Monday, April 4, 2011

A client teaches me about letting go

“Have you ever read the Dice Man?” Ana asked.

Ana is my client. She is a woman in her mid-twenties just getting out of a passionate and tumultuous relationship. In the wake of the break-up she has been thinking about excitement and attraction vs stability and safety. Like most people, she wants both but has found it difficult to find the balance.
The Dice Man is a novel that was fashionable in the 1970s about a bored psychiatrist who begins making decisions based on the role of the dice. His method is to write out a list of options and then let the dice decide which one to take. Thus, he controls the parameters but the dice ultimately make the decision. The theory is that by listing options that you wouldn’t normally choose along with more conventional choices allows expression of parts of the personality that you usually doesn’t allow to see the light of day.

“Yeah, I read it,” I said.
“What did you think?”
“I’ve used the dice to determine what I do on a Saturday night, but I don’t recommend making major life decisions this way.”
“The Dice Man wasn’t reliable.”
 “No, he wasn’t.

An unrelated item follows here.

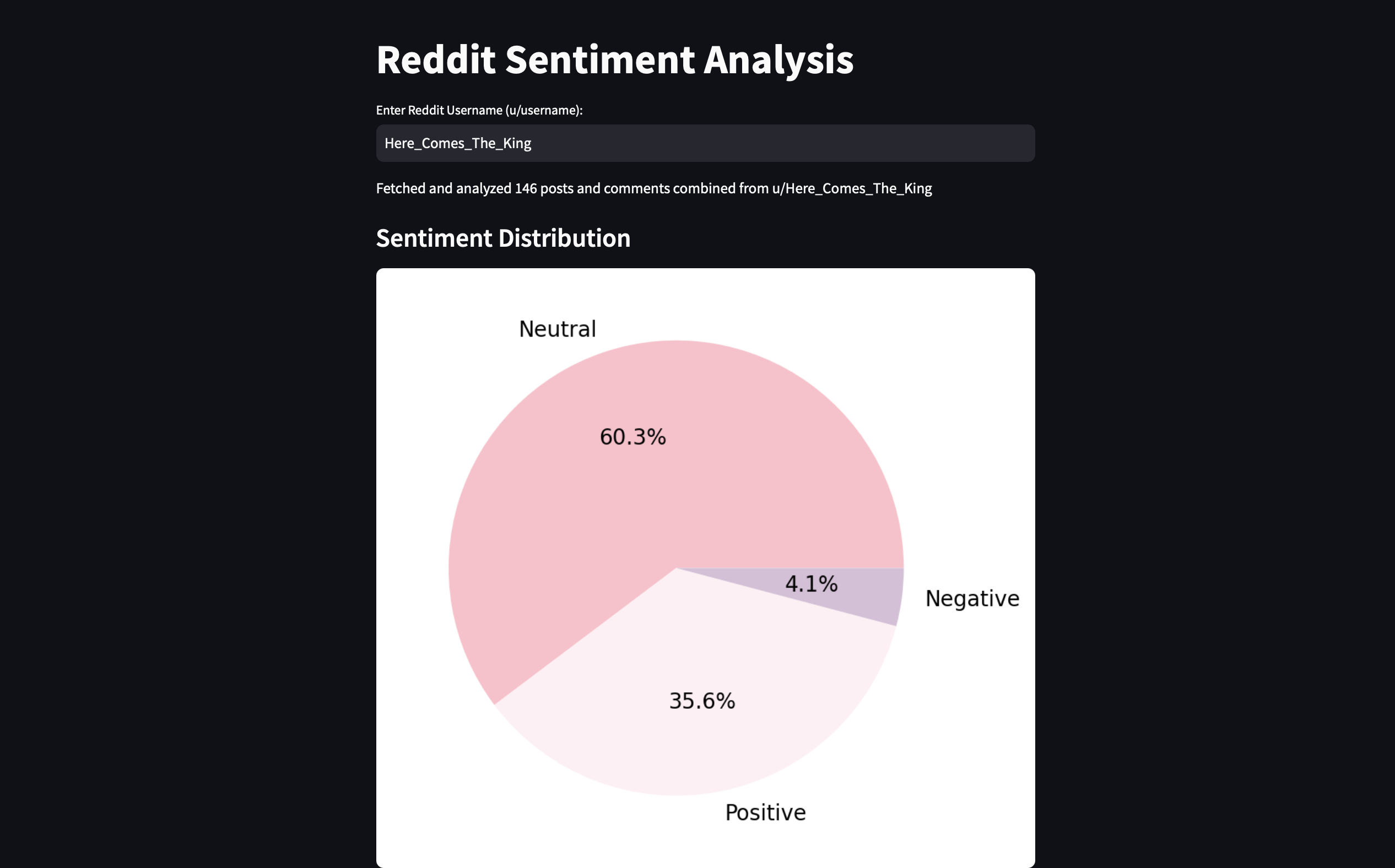 This project is a Reddit post + comment Sentiment Analysis Dashboard visualizer. It is written with python, and utilizes mutliple libraries in order to achieve the best result. With the Reddit API (specifically praw) and MySQL Workbench I created a connection to fetch and store a users data by username, specifically their post titels and comments with the links and numbers filtered out for more precise analysis. I used mathplotlib and wordcloud to display the information, and streamlit to run the app. Unfortunately it only works locally.

He left his wife because the dice told him to.”
“I want someone who is reliable”.
“But you knew that [dude she broke up with] wasn’t reliable from the beginning.”
“Yeah, I know.”
“The thing is I don’t want to always have to be reliable. I mean I am reliable. I was brought up this way. But what if I don’t always want to be there for the other person?”

Ana was wrestling with seeing life in grays instead of in black and white. There are parts of her that crave safety and reliability in a man, and other parts that want passion and wildness. Similarly, there are parts of her that like to be reliable and others that want to be wild and unpredictable.

“The crazy thing,” she said, “is that I have been watching myself and I can change pretty drastically in the span of a few minutes. This morning I felt sad about the break-up for a while, but I didn’t fight it and it went away.”

“Sounds like you are judging yourself less.” A few weeks ago, I pointed out to Ana how often she said she shouldn’t feel how she was feeling. I suggested dropping the shoulds and experimenting with letting herself experience her feelings more.

“I think of it as letting go,” she said. “You know, today I had this experience with this girl I work with. She is someone who I have felt like a mentor to. I am a little bit older, and I have worked at the job longer.  But now she got into law school which I have been thinking of applying to for a long time. And she got a date with this guy at work who I think is cute. I have been thinking about making a connection with him for a long time, but I just never did it.”

“How did that feel?” I hate this question, but sometimes it is appropriate.

“It’s funny. Normally, this would get me down. I would feel jealous. I would feel like I should have done what she did. But today it just struck me as kind of funny.”


 “Yeah, like I just didn’t take it so serious. She used to look up to me, and now life has us switching roles.

“The student has become the master.”


There had been a similar yet subtle shift in the roles between me and Ana. By accepting her experience and lightening up, she was teaching me to do the same. Learning from clients is one of the best parts of therapy, but it also brings up some anxiety about roles.  Should I be accepting money from someone who is teaching me?

Feeling more like a chatty friend having a philosophical conversation than her therapist, I said, “Have you ever had the experience where you feel really attractive and cool and then later in the same day something happens and you feel like a loser?”

“Yeah. But I am feeling less hung up on it. And being the loser isn’t all bad. When I feel like a loser, I don’t experience so much pressure.”

“We can’t be winners all the time, and it is stressful to try to always be at the top.”

“No. And letting myself be both…it feels so more peaceful.”